Visualize the results¶
Nodal responses, project_gauss_to_nodes needs to be set to “copy”, “average”, or “extrapolate” when creating the ODB
[7]:
opsvis.set_plot_props(cmap="coolwarm_r", show_mesh_edges=True, notebook=on_notebook)
fig = opsvis.plot_unstruct_responses(
odb_tag=1,
slides=False,
step="absMax",
ele_type="Shell",
resp_type="sectionForcesAtNodes", # nodal response, "AtNodes"
resp_dof="FXX",
)
fig.show(jupyter_backend=jupyter_backend)
# fig.show()
OPSTOOL :: Loading response data from .opstool.output/RespStepData-1.nc ...
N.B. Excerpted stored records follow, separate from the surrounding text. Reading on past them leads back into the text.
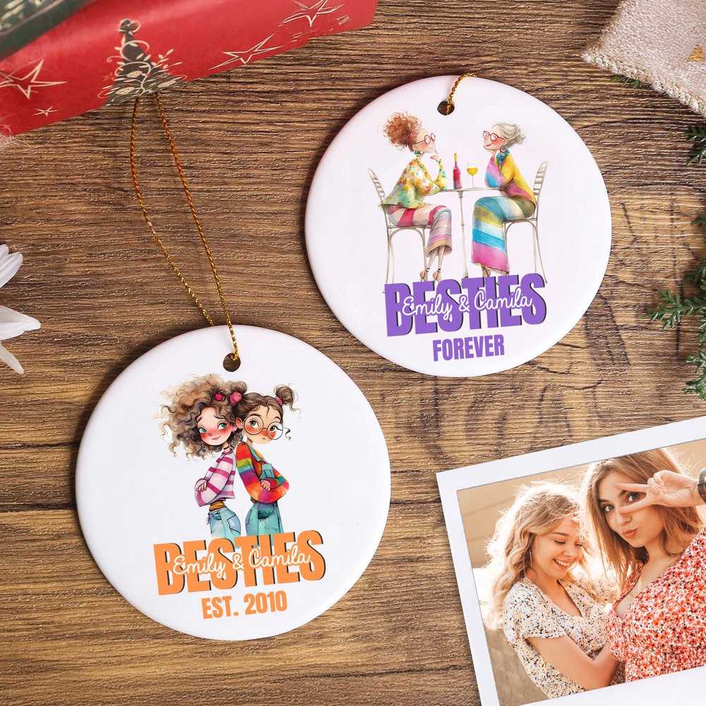 This circular ceramic ornament offers 30 customizable watercolour cartoon designs. You can add custom names and text, turning it into a one-of-a-kind keepsake that celebrates your unique friendship.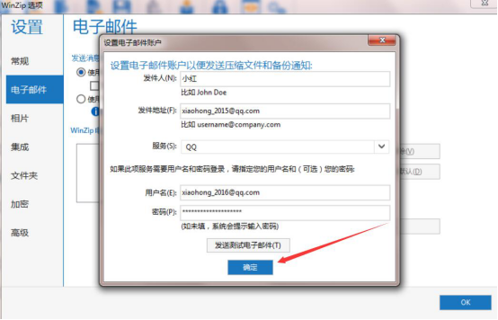 5.接下来,WinZip会弹出如下图的“设置电子邮件账户”窗口。我们输入电子邮箱的账户信息,点击“确定”按钮。
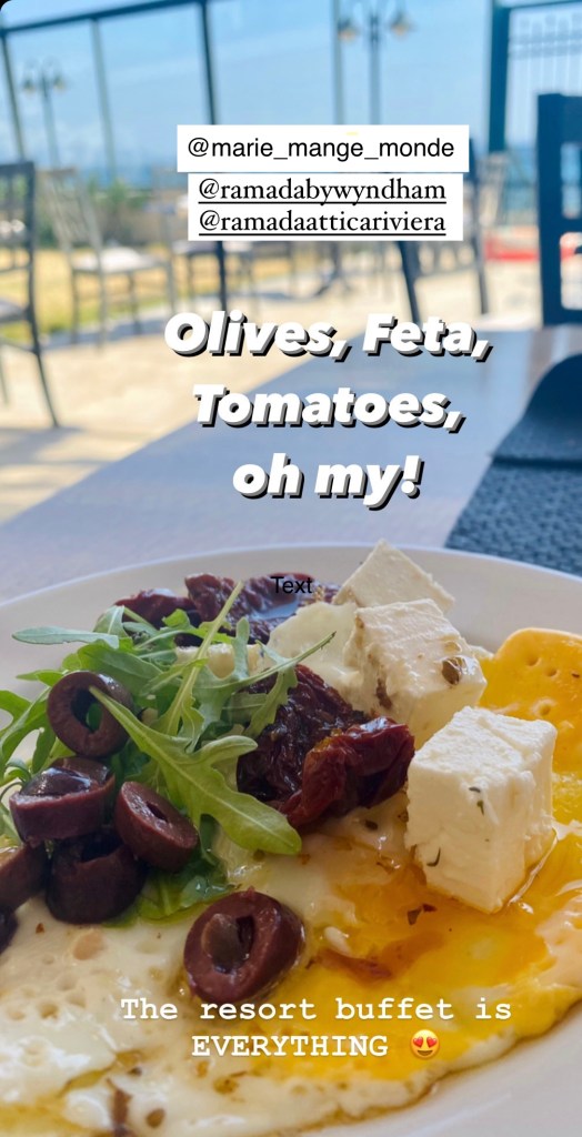 When in Greece, olives are a must-try snack. Simply put, they’re just better here. While they’re delicious any time of the day and I’ve had them with breakfast, as a stand-alone snack, and incorporated in lunch and dinner dishes, I recently learned that they’re especially great to eat before bed. Apparently, the tryptophan and magnesium make them the perfect bedtime snack to endure sleep. Between the pre-bed olives, a few sips of ouzo and the sound of the ocean from my Ramada by Wyndham Athens Attica Riviera hotel room, I’ve been sleeping like a baby in Greece. You deserve that as well! Regardless of what time of day you have them, you’ve definitely got to eat some olives!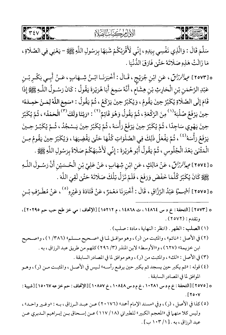 ° [٢٥٧٣] عبد الرزاق، عَنِ ابْنِ جُرَيْجٍ، قَالَ: أَخْبَرَنَا ابْنُ شِهَابٍ، عَنْ أَبِي بَكْرِ بْنِ عَبْدِ الرَّحْمَنِ بْنِ الْحَارِثِ بْنِ هِشَامٍ، أَنَّهُ سَمِعَ أَبَا هُرَيْرَةَ يَقُولُ: كَانَ رَسُولُ اللهِ - صلى الله عليه وسلم - إِذَا قَامَ إِلَى الصَّلَاةِ يُكَبِّرُ حِينَ يَقُومُ، وَيُكَبِّرُ حِينَ يَرْكَعُ، ثُمَّ يَقُولُ: "سَمِعَ اللَّهُ لِمَنْ حَمِدَهُ" حِينَ يَرْفَعُ صُلْبَهُ (¬١) مِنَ الرَّكْعَةِ، ثُمَّ يَقُولُ وَهُوَ قَائِمٌ (¬٢): "رَبَّنَا وَلَكَ (¬٣) الْحَمْدُ"، ثُمَّ يُكَبِّرُ حِينَ يَهْوِي سَاجِدًا، ثُمَّ يُكَبِّرُ حِينَ يَزفَعُ رَأْسَهُ، ثُمَّ يُكَبِّرُ حِينَ يَسْجُدُ، ثُمَّ يُكَبِّرُ حِينَ يَرْفَعُ رَأْسَهُ (¬٤)، ثُمَّ يَفْعَلُ ذَلِكَ فِي الصَّلَوَاتِ كُلِّهَا حَتَّى يَقْضِيَهَا، وَيُكَبِّرُ حِينَ يَقُومُ مِنَ الْمَثْنَى بَعْدَ الْجُلُوسِ، ثُمَّ يَقُولُ أَبُو هُرَيْرَةَ: إِنَي لأَشْبَهُكُمْ صَلَاةَ بِرَسُولِ اللَّهِ - صلى الله عليه وسلم -.

Display the responses at each element, all gauss points will be averaged to the element level.
[8]:
fig = opsvis.plot_unstruct_responses(
odb_tag=1,
slides=True,
ele_type="Shell",
resp_type="sectionForces", # element response, "AtGaussPoints", will be averaged to each element
resp_dof="FXX",
)
fig.show(jupyter_backend=jupyter_backend)
OPSTOOL :: Loading response data from .opstool.output/RespStepData-1.nc ...
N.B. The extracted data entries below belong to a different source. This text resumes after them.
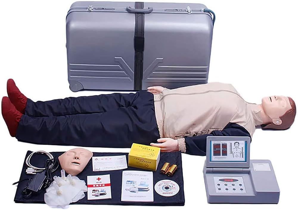 Resuscitation DollSimulated airway opening and artificial inflation, chest fluctuations, chest compressionsVoice prompt, frequency tone prompt, number count, score printingThe indicator lamp shows (pressure position, pressure depth, beat size) pupil zoom and carotid pulsationpackage includesFull Body CPR Manikin Kit * 1Display controller * 1Hard plastic box * 1Control panel * 1Power supply * 1Data line * 1Barrier (50 sheets/box) * 1Replaceable pulmonary bag device * 4Printing paper * 2Changeable dough * 1User manual CD * 1First Aid Manual * 1User manual * 1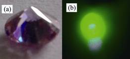 图4 (a)打磨抛光后的氧化钛基玻璃,(b)玻璃的上转换发光示意图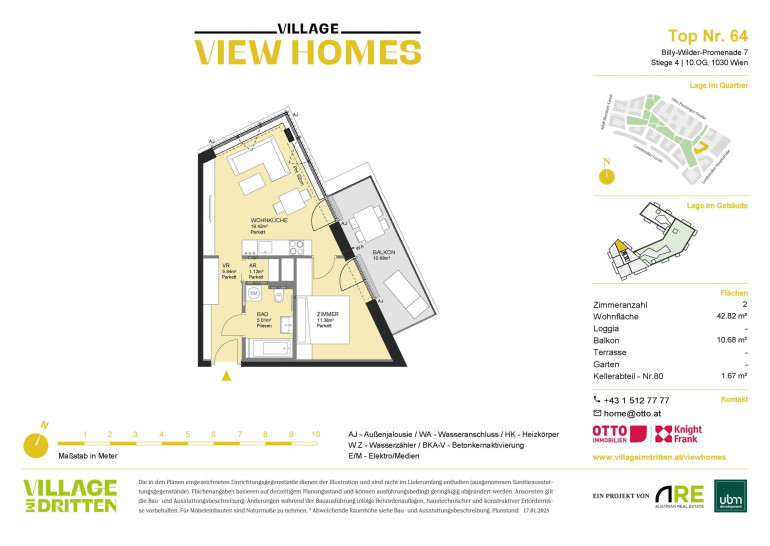 Dank der Nähe zur S-Bahn-Haltestelle St. Marx, der Straßenbahnlinie 18 und weiteren öffentlichen Verkehrsmitteln sowie dem Autobahnanschluss an die A23 ist VIEW HOMES sehr gut an das öffentliche Verkehrsnetz angebunden: So ist etwa der Hauptbahnhof nur sieben Minuten mit der Straßenbahn entfernt. Ebenso wird mit der Verlängerung der Straßenbahnlinie 18 von der U3-Station Schlachthausgasse zur U2-Station Stadion bis Herbst 2026 eine neue Direktverbindung in den grünen Prater geschaffen. Ein optimaler Standort zum Leben. Die Billy-Wilder-Promenade befindet sich am südöstlichen Kopfende des neu errichteten zentralen Bert-Brecht-Parks. Moderne Einkaufs-, Freizeit- und Gastronomieflächen erwarten Sie in fußläufiger Entfernung in den Erdgeschoßzonen des gesamten Quartiers und in den DOCKS am Landstraßer Gürtel.Beschreibung der Immobilie
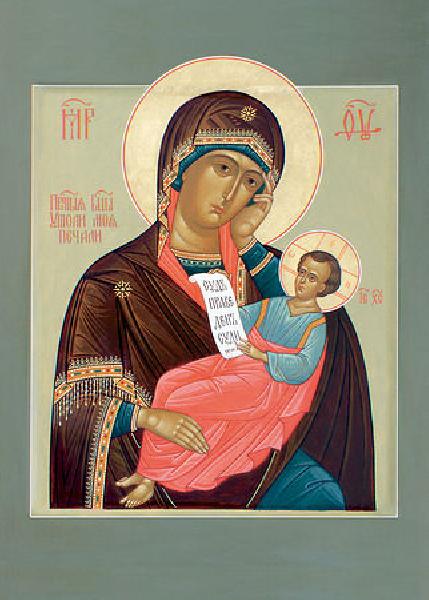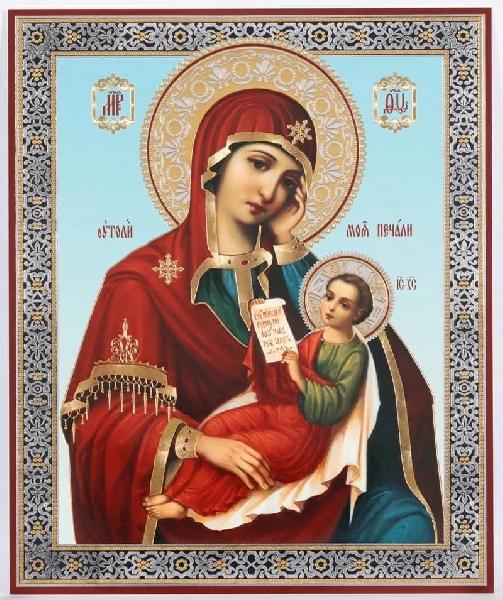 Ты еси́ Пречи́стая Богоро́дице, Покрови́тельница моя́ и непреста́нное ра́дование души́ моея́. Но О! Влады́чице, от наше́дших на мя, одержи́маго ле́пыми беды́, и неуте́шимыя печа́ли изба́ви.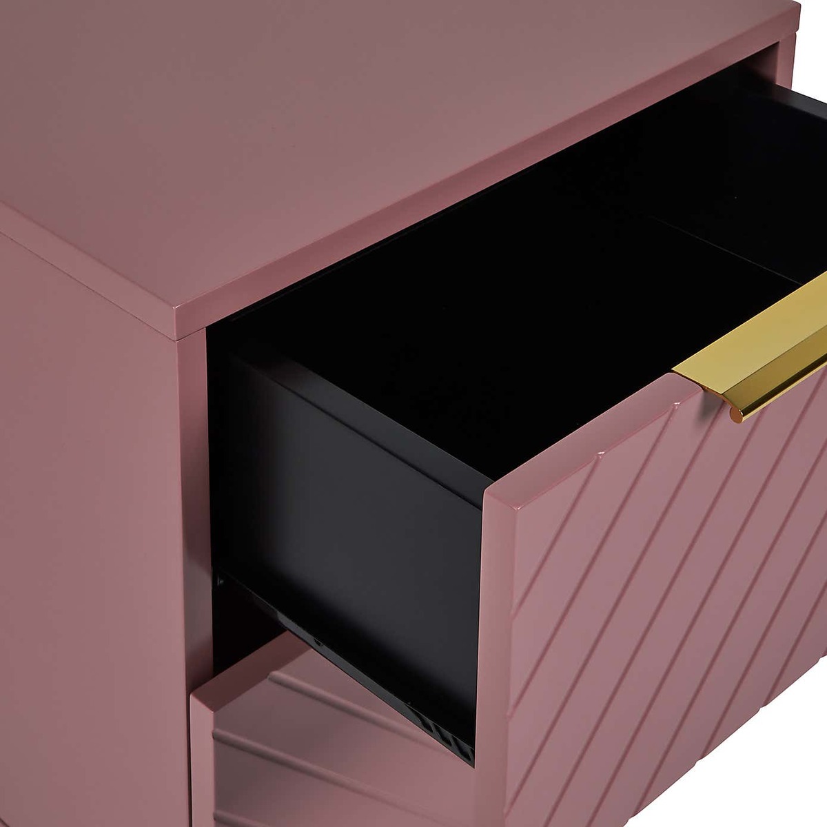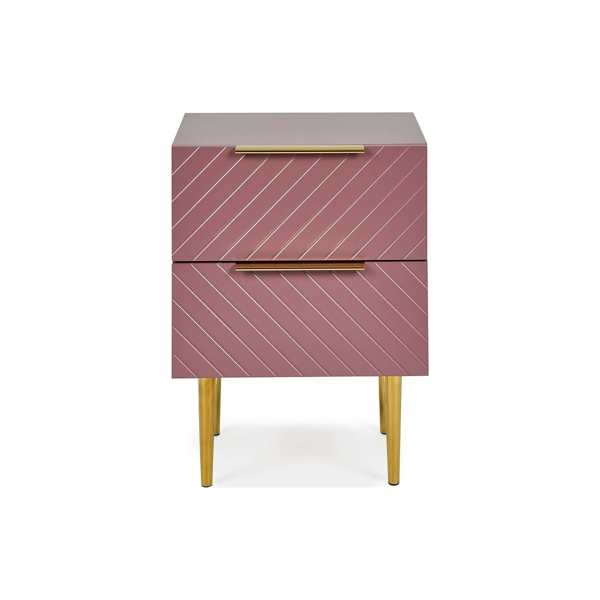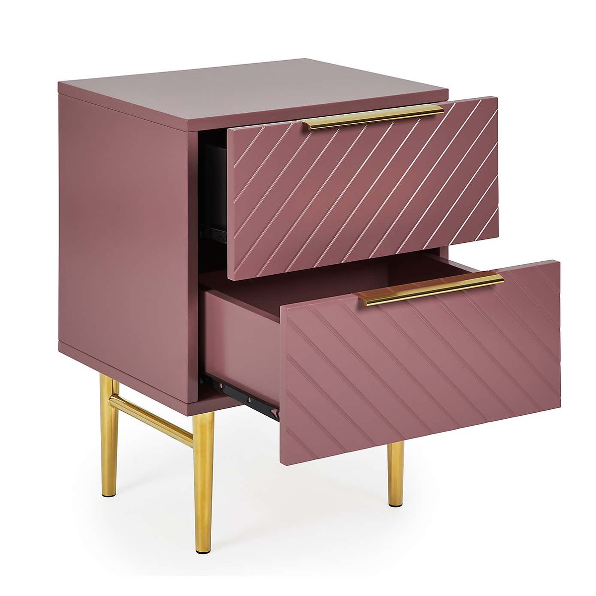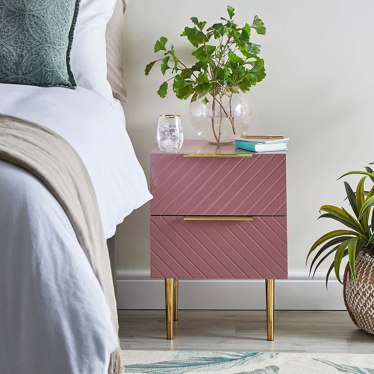 Dunelm Exclusive - Designed and Developed by Dunelm With its stunning modern design, the Maurice bedside table is perfect for adding a glamourous feel to any bedroom space. Finished in a blush colourway, this gorgeous range is characterised by the diagonal striped drawer fronts, coupled with the beautiful gold-effect metal handles and legs. Offering ample storage space, this self-assembly bedside table features two spacious drawers and would be a fabulous addition to any modern bedroom.

Fiber point stress can be plotted as well, but it requires a shell_fiber_loc to be assigned.
[9]:
fig = opsvis.plot_unstruct_responses(
odb_tag=1,
slides=False,
step="absMax",
ele_type="Shell",
resp_type="StressesAtNodes", # nodal stress response, "AtNodes"
resp_dof="sigma11", # sigma11, sigma22, sigma12, sigma13, sigma23
shell_fiber_loc="top", # shell_fiber_loc can be "top", "bottom", or "mid" for shell elements, also int
)
fig.show(jupyter_backend=jupyter_backend)
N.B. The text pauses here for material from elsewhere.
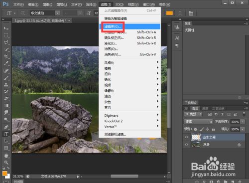 选择滤镜下的滤镜库;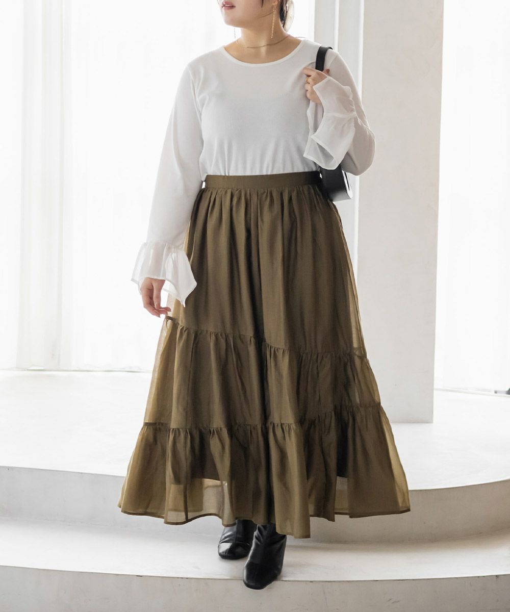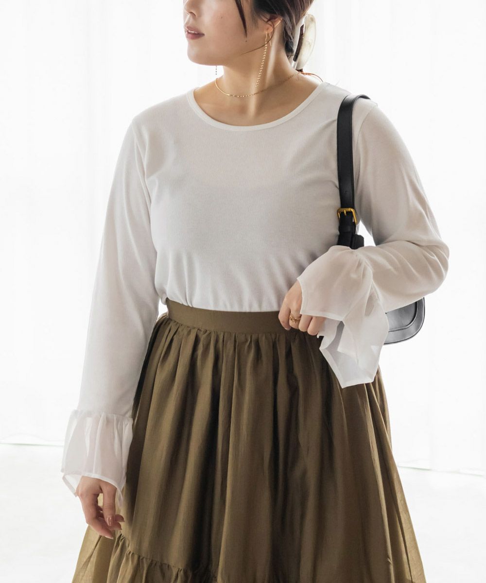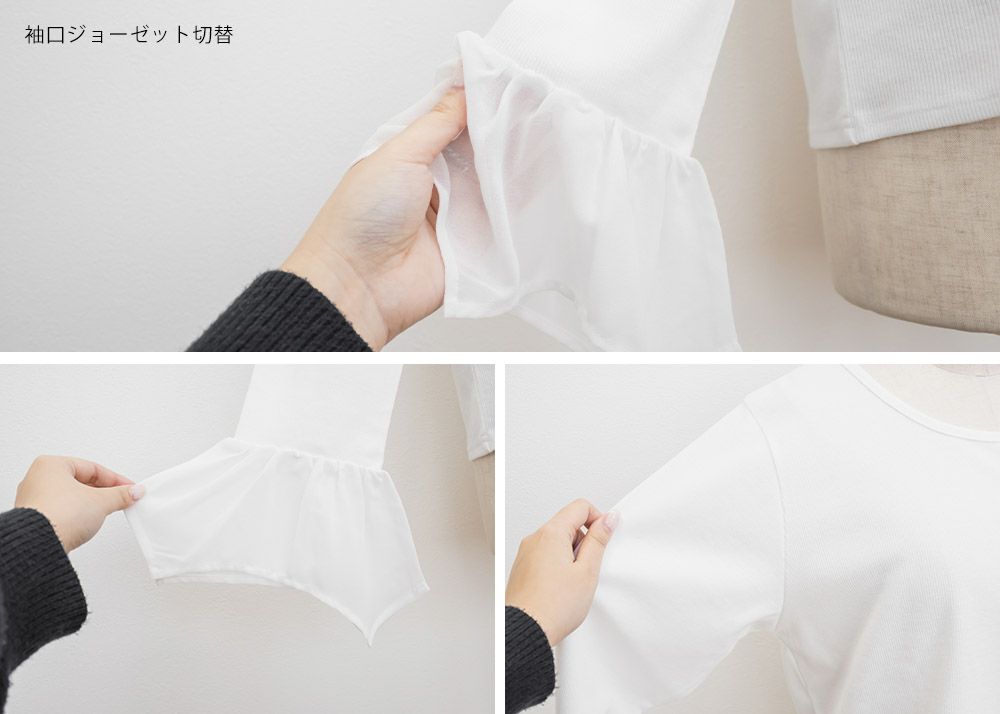 本体はリブカットソーで袖部分はさらりとしたジョーゼット素材。真夏以外のロングシーズン使える生地です。程よい生地感だからインナーとして着てももたつかず、コーデの主役トップスとして着る事も可能。

OPSTOOL :: Loading response data from .opstool.output/RespStepData-1.nc ...
Interacting with Pyvista¶
Since version 1.0.18, opstool provides a function get_unstruct_responses_dataset that returns a pyvista UnstructuredGrid so that you can take advantage of all the functionality on it.
[10]:
import pyvista as pv
[11]:
grid = opsvis.get_unstruct_responses_dataset(
odb_tag=1,
step="absMax",
ele_type="Shell",
resp_type="StressesAtNodes", # nodal stress response, "AtNodes"
resp_dof="sigma11", # sigma11, sigma22, sigma12, sigma13, sigma23
shell_fiber_loc="top", # shell_fiber_loc can be "top", "bottom", or "mid" for shell elements, also int
)
OPSTOOL :: Loading response data from .opstool.output/RespStepData-1.nc ...
[12]:
print(grid)
print("--" * 20)
print(grid.active_scalars_name)
UnstructuredGrid (0x1888f77eaa0)
N Cells: 100
N Points: 121
X Bounds: 0.000e+00, 6.000e+03
Y Bounds: 0.000e+00, 0.000e+00
Z Bounds: 0.000e+00, 3.000e+03
N Arrays: 1
----------------------------------------
StressesAtNodes
[13]:
grid.plot(jupyter_backend=jupyter_backend, show_edges=True, cmap="viridis_r", show_scalar_bar=True)
Plot Over Line¶
[14]:
grid.bounds
[14]:
(0.0, 6000.0, 0.0, 0.0, 0.0, 3000.0)
[15]:
a = [0, 0, 0]
b = [6000, 0, 3000] # A line from (0, 0, 0) to (0, 0, 1)
# Preview how this line intersects this mesh
line = pv.Line(a, b)
p = pv.Plotter()
p.add_mesh(grid, style="wireframe", color="w")
p.add_mesh(line, color="b")
p.show(jupyter_backend=jupyter_backend)
[16]:
grid.plot_over_line(a, b)
More details can be found in the PyVista Examples.